I take great pride in the fact that I am from Penang and I speak the Penang Malay dialect fluently (in case you wondered: Penang dialect is the best in the country!) and I speak the formal Bahasa very flueltly also.
Which brings me to my recent work-related assignment to Temenggor Forest Reserve. It must be spelt with a double G (i.e 'gg'). For some strange reason, apparently the Perak state government has sanctioned the spelling of the place with a single 'g' (i.e. Temengor).
This is wrong, obviously. Malaysians spell name places with double Gs always. From TerenGGanu to TemenGGor. These places are spelt as they are pronounced -- we do not say TE-REN-GANU, we say TE-RENG-GANU.
Similarly, we do not say TE-MEN-GOR, we say TE-MENG-GOR.
I have many very dear colleagues and friends who are from Perak itself and no one says TE-MEN (as in the plural of the English word MAN)-GOR.
I suspect the person or group of people who officially sanctioned the spelling TE-MEN-GOR must be the offspring(s) of Indonesian PRs in Malaysia. No one in their right mind speaks Malay the way it is prescribed officially. Malaysians speak Malay with a classy sense of poetry and lilt.

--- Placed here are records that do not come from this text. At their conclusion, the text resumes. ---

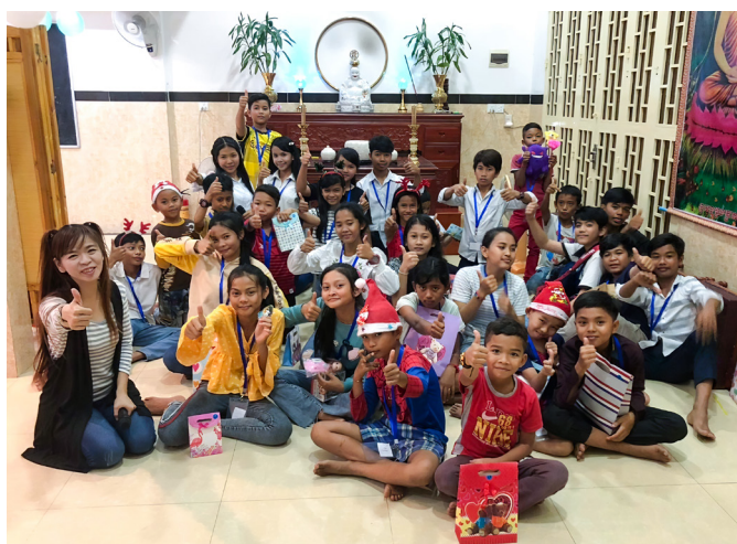
▲ 與來天國堂學習中文的當地學生合影。

在 2019 年的農曆年之前，後學帶了後學的孩子到東國去走走，讓她知道媽媽在東國做些什麼；讓她了解後，或許將來後學可以常來。15 天後回國，後學的內心有一個聲音：「去一年吧！『雪中送炭』要下雪時送，才有意思。」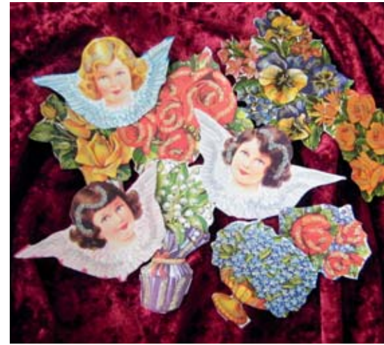
Nostalgie: Glanzbildchen.

Es ist wirklich kaum zu glauben, aber diese kindlich-naive Bewunderung steckt heute noch in mir, so viele Jahrzehnte später. Natürlich hat das mit Erfahrung und heutigem Wissen zu tun, und es ist mir auch unbegreiflich, wie man damals bei so grauenhaftem Erleben überhaupt an Qualität denken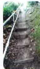
たぶのき公園裏山 津波避難路その2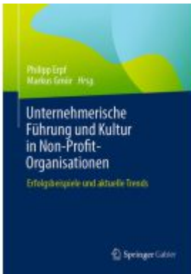
Unternehmerische Führung und Kultur in Non-Profit-Organisationen Ladenpreis: 56,53EUR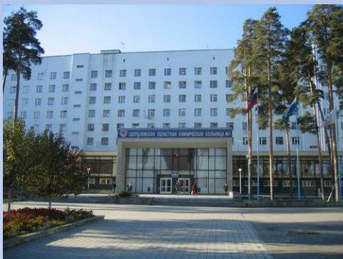
Областная клиническая больница №1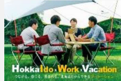
ポータルサイト・各種SNSでの 情報発信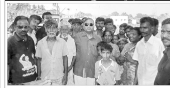
மதுரை புறநகரில் மக்கள் வரவேற்பு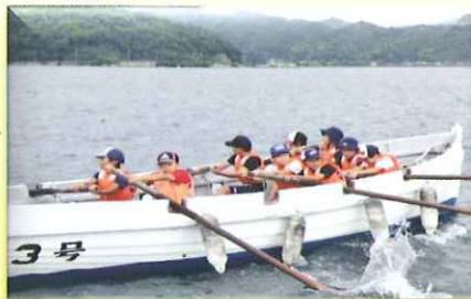
▲カッター体験と野外炊事(8月実施)

昨年度は、夏季から冬季にかけて海にちなんだ事業や、家族単位での事業のほか、施設の無料公開なども行いました。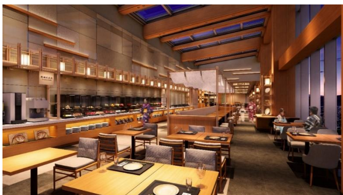
「和ダイニング星 HOSHI」イメージ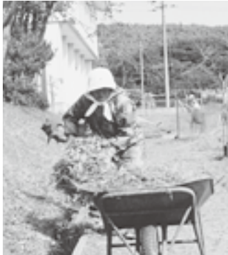
▲地域の学校周辺の刈払い作業

老人クラブでは全国一斉に「社会奉仕の日」を設定し、環境美化活動に取り組んでいます。「花のあるまち」「ゴミのないまち」活動など地域に沿った通年活動も実施しています。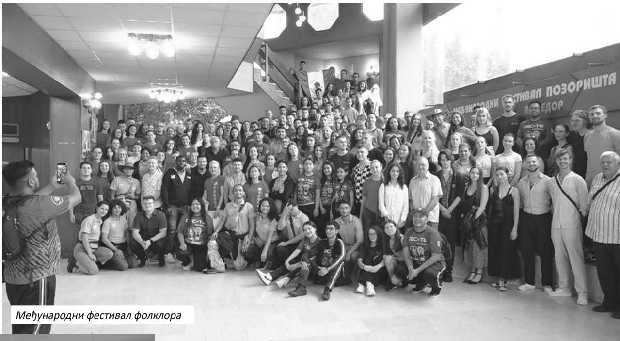
Међународни фестивал фолклора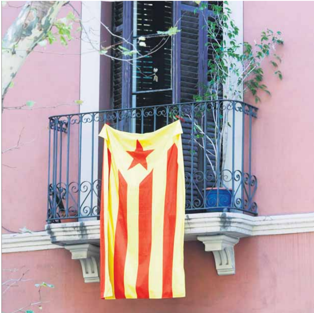
L'ANC proposa una sortida simultània al balcó perquè tothom que vulgui pugui participar en els actes ■ JUANMA RAMOS

L'organització reitera que aquesta no és una acció alternativa a les concentracions estàtiques planejades. "No tenim cap intenció de renunciar a l'acte físic", explica amb relació al centenar de plantades de protesta que es faran davant les delegacions d'organismes de l'Estat i que les autoritats sanitàries han començat a desaconsellar. Els encarregats d'organitzar els actes de l'ANC han anat definint el límit dels aforaments en cada punt de concentració tenint en compte que s'imposaran les distàncies interpersonals de dos metres i que, finalment, caldrà inscriure's personalment per participar en cadascuna de les plantades. La limitació de participants per la inscripció prèvia i la delimitació del perímetre de l'espai que s'ocuparà en cada cas impedeix la participació de la majoria de persones que haurien assistit a la manifestació ordinària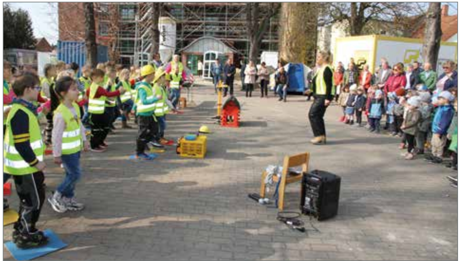
Mit einem Programm aus Liedern und Gedichten haben Kinder aus dem Barleber Kindergarten und dem Hort das Richtfest eröffnet.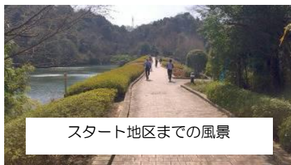
スタート地区までの風景

スタートは、会場から15分程度の小高い丘の上。まずはくんだりから。1→2といくのにどうしようか迷いましたが、結局、道走りぐるっと回ること。コントロ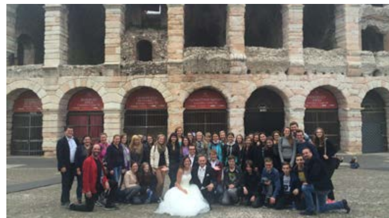
Projektový týden latiny a dějepisu. Verona, říjen 2015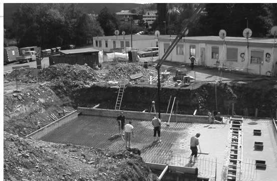
Arbeiten an der Bodenplatte des Tiefbunkers, im August 2004

weiteren Unternehmen, so z.B. der Kessellieferant, das Heizungsbauunternehmen und der Brennstofflieferant ebenfalls aus der naheliegenden Umgebung kommen und an diesem Projekt mitgearbeitet haben.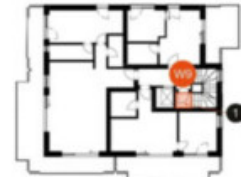
2. Obergeschoss / Piano Second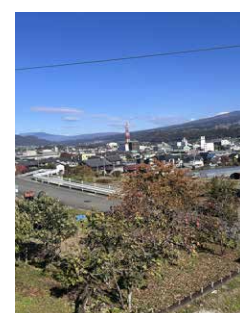
「私の家どこだと思いませんか?」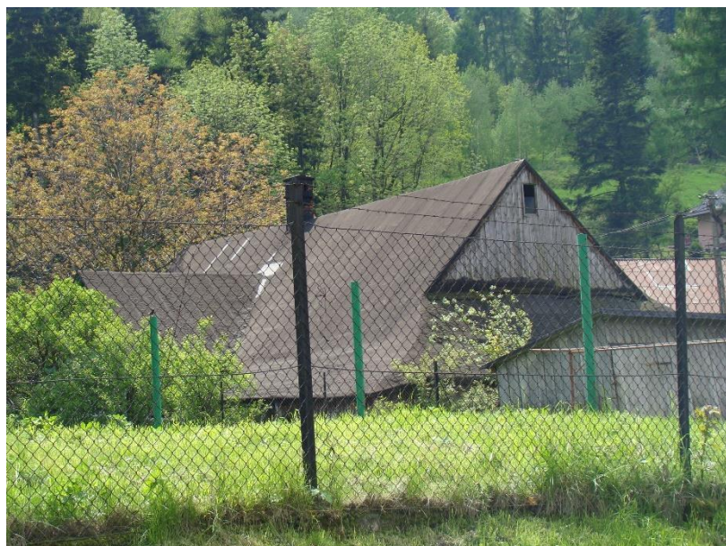
Widok chałupy od strony pn-wsch

Prac. Proj.-Konserwatorska ARKADA listopad 2017r.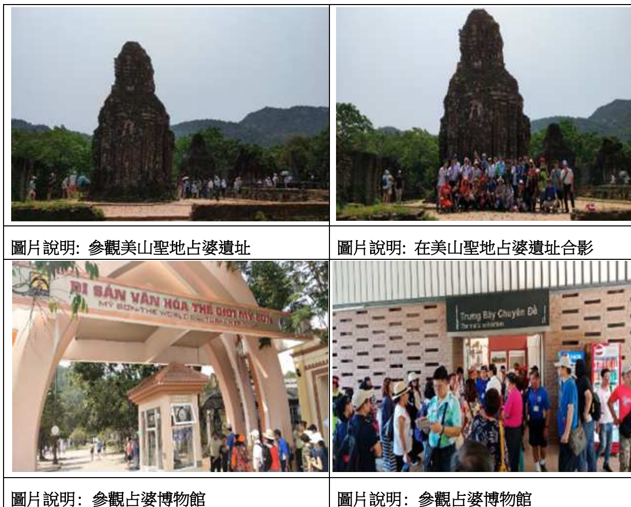
圖組 5 -美山聖地

在 1999 年，聯合國教科文組織將美山寺廟作為文化遺產，列入世界遺產名錄。美山聖地被認為滿足世界遺產登錄基準中的以下基準而予以登錄：在某期間或某種文化圈裡對建築、技術、紀念性藝術、城鎮規劃、景觀設計之發展有巨大影響，促進人類價值的交流。呈現有關現存或者已經消失的文化傳統、文明的獨特或稀有之證據。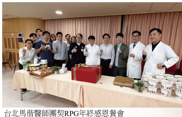
台北馬偕醫師團契RPG年終感恩餐會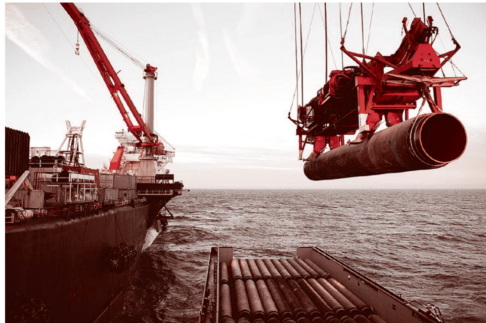
Прокладка «Северного потока»

Между тем, долг перед «Газпромом» у Киева накопился огромный. Не оплачено более 11 млрд куб. м поставленного газа. По максимуму (с учетом обязательства «бери или плати», которое Киев не выполнял, отбирая гораздо больше газа, чем оговорено в контракте) это около $11 млрд. По минимуму (если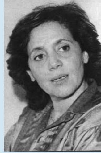
المصدر : رحلات قصيره لبلاد الأساتذة العظام، هباتيا السكندرية بقلم البرت هوبارد 1908

ولدت جميلة بو حيرد في شهر يونيو (حزيران) من عام 1935م في الجزائر التي كانت محتلة في ذلك الوقت، لأسرة من الطبقة المتوسطة، وكان أبوها جزائرياً وأمها تونسية. التحقت جميلة بالمدرسة الفرنسية وانضمت إلى جبهة التحرير الوطنية بينما كانت مازال طالبة. وعملت لاحقاً كضابطة اتصال ومساعدة شخصية لياسف سعدي رئيس المنطقة المستقلة للعاصمة خلال معركة الجزائر.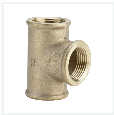
Té modèle 3130 article 264 246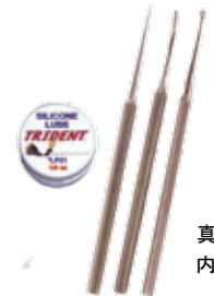
真鍮製 内容量: 7 g

[MU-1892] DA79B Oリングツールキット 3本セット真鍮 ¥ 7,500 (税込 ¥ 8,250)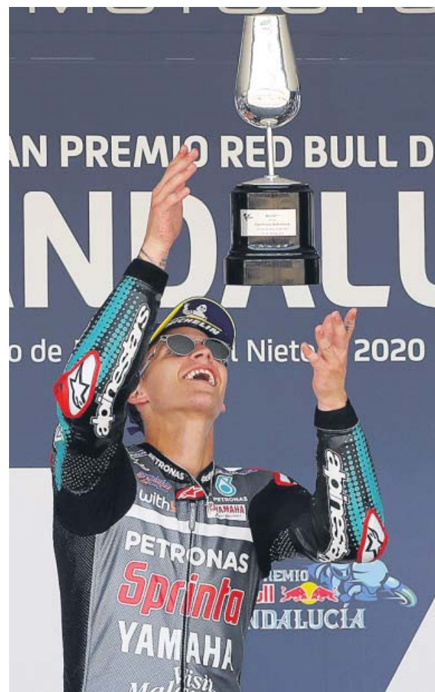
Fabio Quartararo celebrando su victoria en Jerez.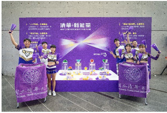
本校啦啦隊為「清華新能量」活動吶喊加油。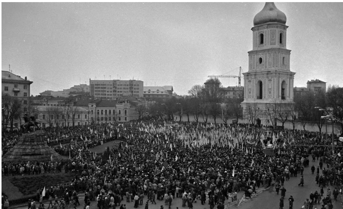
Мітинг у столиці України на Софійському майдані (тоді – площі Богдана Хмельницького) після завершення «Живого ланцюга» в рамках відзначення Акту Злуки УНР і ЗУНР в 1919 році. Київ, 21 січня 1990 року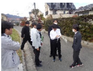
交通安全対策班 市担当の方々と現地で相談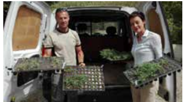
Transport des plans de Centaurées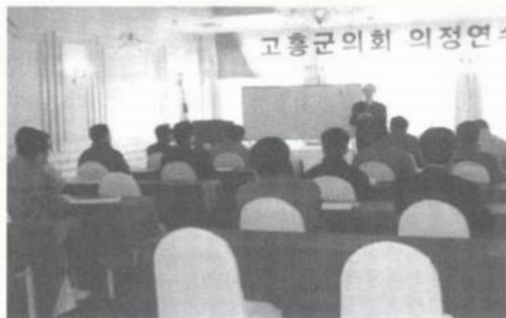
▲ 고흥군의회의원 연수

회운영에 지장이 없는 범위내에서 지방의회의 위상과 의원의 자질향상을 위해 의정 연수를 지속적으로 추진해 나갈 계획이다.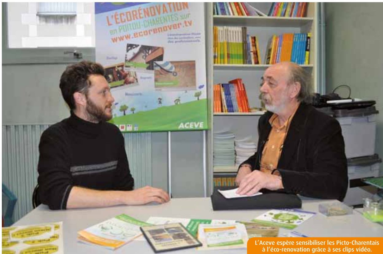
L'Aceve espère sensibiliser les Picto-Charentais à l'éco-renovation grâce à ses clips vidéo.

La biocoop «Le Pois tout vert» vient d'instaurer, dans ses magasins de Poitiers Saint-Éloi, Poitiers Demi-Lune, Poitiers Sud et Chatellerault, un programme de fidélisation, qui s'accompagne d'un acte de solidarité. Présentée en caisse, la carte permet au bénéficiaire de cumuler des points (1 point = 1€ d'achat). A chaque bon d'achat émis, la biocoop verse 10% de sa valeur dans un fonds visant à soutenir les projets de ses partenaires (Groupement d'Agriculteur Bio, Terre de Liens, Enercoop...) ou à accompagner les producteurs en difficulté. Renseignements : www.lepoistoutvert.com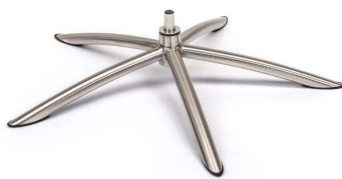
TS Tube Space Metall gebürstet (Gaslift-Höhenverstellungs-Option nicht möglich)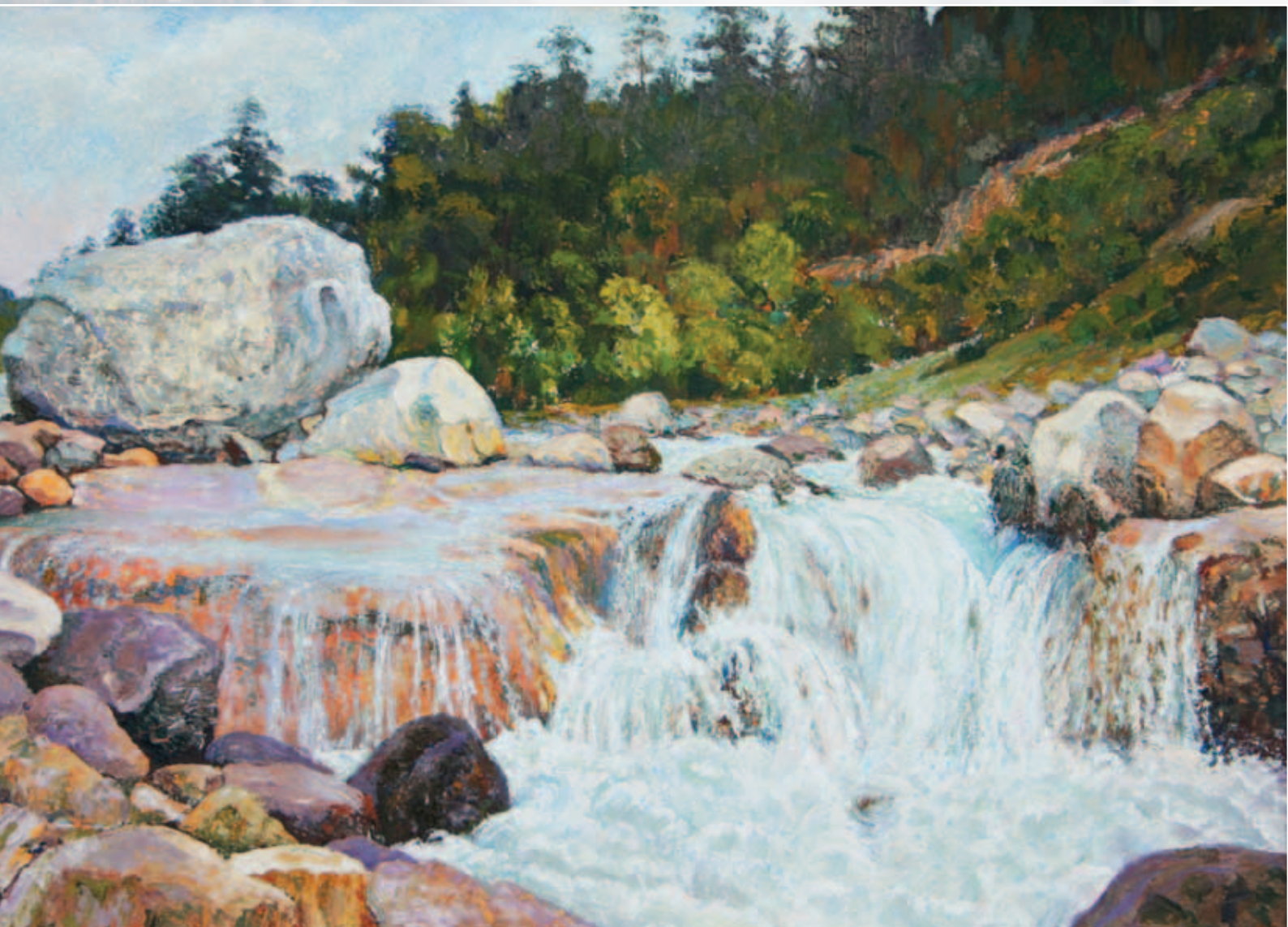
Река Адыр-Су. Картон, масло, 50x70

Впечатления о пребывании художника в горной Ингушетии легли в основу создания таких произведений как «Пережившие века», «Земля предков», «Эрзи». На этих полотнах изображена самобытная природа ингушской земли, суровое величие древних башен. Красота и художественные эффекты, которые характерны для его пейзажей, наиболее ярко выразились в работе «Эгикал». Центральное место в композиционном построении этой картины занимают четко выписанные башни древнего ингушского городища на фоне горы исполинской величины.

Not stiff in the way demanded by the artificiality of the Bahasa Baku format.
(Anyway, just a jibe at Datuk Seri Anwar Ibrahim for promoting that dubious policy of introducing Bahasa Baku while he was Education Minister -- the man had better retract that strange linguistic policy. Malaysians should be speaking Bahasa the way we have always spoken it over the centuries and not speak Bahasa as if it is the Indonesian language!)
Many Malaysians in my age group -- the 40s -- are very displeased with Bahasa Baku.